As indicated at block 508, the process 500 includes selecting, for the first object instance, a subgroup of the data elements based on the approximate position. For example, fusion module 210 can select the subgroup of pixels from the pixel segmented range image 166 (or from BEV image 168 in the event that it is used in place of a range image 166) that corresponds to a region-of interest 406 that surrounds the hotspot position 404.

As indicated at block 510, the process 500 includes selecting, from within the selected subgroup of the data elements, a first cluster of data elements that have assigned data-element-level classification labels that match the object-instance-level classification label assigned to the first object instance. For example, clustering module 212 can select pixel cluster 408 from the pixels that are included within the boundary of the region-of-interest 406 based on which pixels are assigned the same classification label as the preliminary classification label that was assigning to the first object instance.

As indicated at block 512, the process 500 includes outputting an object instance list that indicates, for the first object instance, the first cluster of data elements, and the object-instance-level classification label assigned to the first object instance. For example, clustering module 212 can output dynamic object position classification and cluster (DOPCC) list 204, which is incorporated into object instance list 178.

In at least some examples, the region-of-interest 406 has at least one of a shape and a size that is predefined based on the assigned object-instance-level classification label.

As indicated at block 514, in some example implementations, the process 500 includes generating a bounding box and a final classification label for the first object instance based on the object instance list, and generating a vehicle control signal for controlling operation of a vehicle based on the bounding box and final classification label.

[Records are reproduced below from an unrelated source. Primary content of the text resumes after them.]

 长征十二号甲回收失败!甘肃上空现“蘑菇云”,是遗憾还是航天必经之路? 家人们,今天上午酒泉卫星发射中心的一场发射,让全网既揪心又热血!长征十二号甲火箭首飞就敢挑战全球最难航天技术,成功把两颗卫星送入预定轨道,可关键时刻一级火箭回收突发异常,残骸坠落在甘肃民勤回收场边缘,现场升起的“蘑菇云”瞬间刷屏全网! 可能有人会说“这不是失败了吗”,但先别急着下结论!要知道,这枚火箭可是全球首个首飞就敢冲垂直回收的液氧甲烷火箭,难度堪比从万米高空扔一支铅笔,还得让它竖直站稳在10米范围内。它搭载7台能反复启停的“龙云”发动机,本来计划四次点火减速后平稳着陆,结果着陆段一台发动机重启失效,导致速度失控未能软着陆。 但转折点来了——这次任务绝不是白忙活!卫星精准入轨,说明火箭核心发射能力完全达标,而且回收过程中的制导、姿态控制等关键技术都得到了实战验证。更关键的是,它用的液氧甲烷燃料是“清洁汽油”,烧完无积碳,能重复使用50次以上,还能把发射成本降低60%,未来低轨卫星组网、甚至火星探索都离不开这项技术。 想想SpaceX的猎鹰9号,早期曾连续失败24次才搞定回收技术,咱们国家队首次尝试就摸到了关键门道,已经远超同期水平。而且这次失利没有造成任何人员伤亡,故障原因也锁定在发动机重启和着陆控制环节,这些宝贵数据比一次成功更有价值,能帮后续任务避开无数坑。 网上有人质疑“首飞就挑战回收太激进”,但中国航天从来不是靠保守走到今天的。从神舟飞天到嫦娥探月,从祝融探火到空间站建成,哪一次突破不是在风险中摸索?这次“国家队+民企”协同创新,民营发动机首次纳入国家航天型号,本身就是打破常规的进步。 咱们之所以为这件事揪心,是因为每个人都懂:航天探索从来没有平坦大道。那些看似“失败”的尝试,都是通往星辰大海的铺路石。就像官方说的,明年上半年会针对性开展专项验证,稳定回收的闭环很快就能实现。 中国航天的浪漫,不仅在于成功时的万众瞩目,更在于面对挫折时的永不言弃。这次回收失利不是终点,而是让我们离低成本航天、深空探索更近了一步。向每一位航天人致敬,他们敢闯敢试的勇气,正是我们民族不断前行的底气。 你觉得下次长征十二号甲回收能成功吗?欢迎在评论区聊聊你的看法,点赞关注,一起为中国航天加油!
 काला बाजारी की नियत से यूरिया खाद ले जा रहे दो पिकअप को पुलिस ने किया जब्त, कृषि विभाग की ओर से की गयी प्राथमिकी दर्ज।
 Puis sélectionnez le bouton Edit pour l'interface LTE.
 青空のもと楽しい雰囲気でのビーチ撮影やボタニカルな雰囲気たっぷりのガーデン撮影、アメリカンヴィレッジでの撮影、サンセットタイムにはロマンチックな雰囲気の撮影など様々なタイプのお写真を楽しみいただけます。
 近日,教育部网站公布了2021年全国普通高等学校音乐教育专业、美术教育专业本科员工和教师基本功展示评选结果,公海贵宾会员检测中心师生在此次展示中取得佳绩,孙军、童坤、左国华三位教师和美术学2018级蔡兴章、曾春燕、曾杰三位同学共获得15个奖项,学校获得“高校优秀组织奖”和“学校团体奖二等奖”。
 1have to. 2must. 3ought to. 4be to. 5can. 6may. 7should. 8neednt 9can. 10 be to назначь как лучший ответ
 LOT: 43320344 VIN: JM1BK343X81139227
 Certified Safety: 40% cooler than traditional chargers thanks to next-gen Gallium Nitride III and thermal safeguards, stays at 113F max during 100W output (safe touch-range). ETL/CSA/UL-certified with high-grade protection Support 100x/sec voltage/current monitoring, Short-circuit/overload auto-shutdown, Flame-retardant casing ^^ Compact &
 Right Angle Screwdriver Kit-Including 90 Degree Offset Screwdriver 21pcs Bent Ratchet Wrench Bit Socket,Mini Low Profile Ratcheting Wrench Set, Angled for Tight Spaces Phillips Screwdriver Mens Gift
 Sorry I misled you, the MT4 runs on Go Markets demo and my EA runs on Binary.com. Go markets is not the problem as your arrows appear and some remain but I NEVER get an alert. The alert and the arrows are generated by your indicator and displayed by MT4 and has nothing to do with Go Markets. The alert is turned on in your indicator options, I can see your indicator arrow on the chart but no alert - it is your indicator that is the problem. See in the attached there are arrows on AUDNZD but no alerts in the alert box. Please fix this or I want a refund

In example implementations multiple object instances are represented in the point cloud frame in addition to the first object instance, and the process 500 can be performed in respect of each of the object instances.

In example implementations, the point cloud frame is one frame in a sequence of point cloud frames collected in respect of a real-world environment by a Light Detection and Ranging (LiDAR) sensor, and the process 500 can be performed in respect of each of the point cloud frames.

FIG. 6 is a block diagram representing a vehicle 600 to which examples of the semantic segmentation and object detection system 150 disclosed herein can be applied. By way of non-limiting example, the vehicle 600 can be a land-based autonomous or partially autonomous vehicle (for example, a car, truck, bus, utility vehicle, all-terrain vehicle, snow mobile, or industrial robot, among other things). The vehicle 600 includes a computing system 1000 (hereafter system 1000) for providing control instructions to one or more vehicle control systems 602 (e.g., systems that control drive torque, braking, steering, and other functions of the vehicle 600). The vehicle 600 includes one or more sensors 1008 for collecting data about the vehicle 600 and its surrounding environment. Sensors 1008 can include, among other things, one or more LIDAR sensors for generating point cloud frames 152 and one or more video cameras for generating images frames 153.

Although an example embodiment of the system 1000 is shown and discussed below, other embodiments may be used to implement examples disclosed herein, which may include components different from those shown. Although a single instance of each component of the system 1000 is illustrated, there may be multiple instances of each component.

The system 1000 includes one or more processors 1002, such as a central processing unit, a microprocessor, an application-specific integrated circuit (ASIC), a field-programmable gate array (FPGA), a dedicated logic circuitry, a tensor processing unit, a neural processing unit, a tensor processing unit, dedicated artificial intelligence processing unit, an accelerator, or combinations thereof. The one or more processors 1002 may collectively be referred to as a “processor device” or “processor 1002”.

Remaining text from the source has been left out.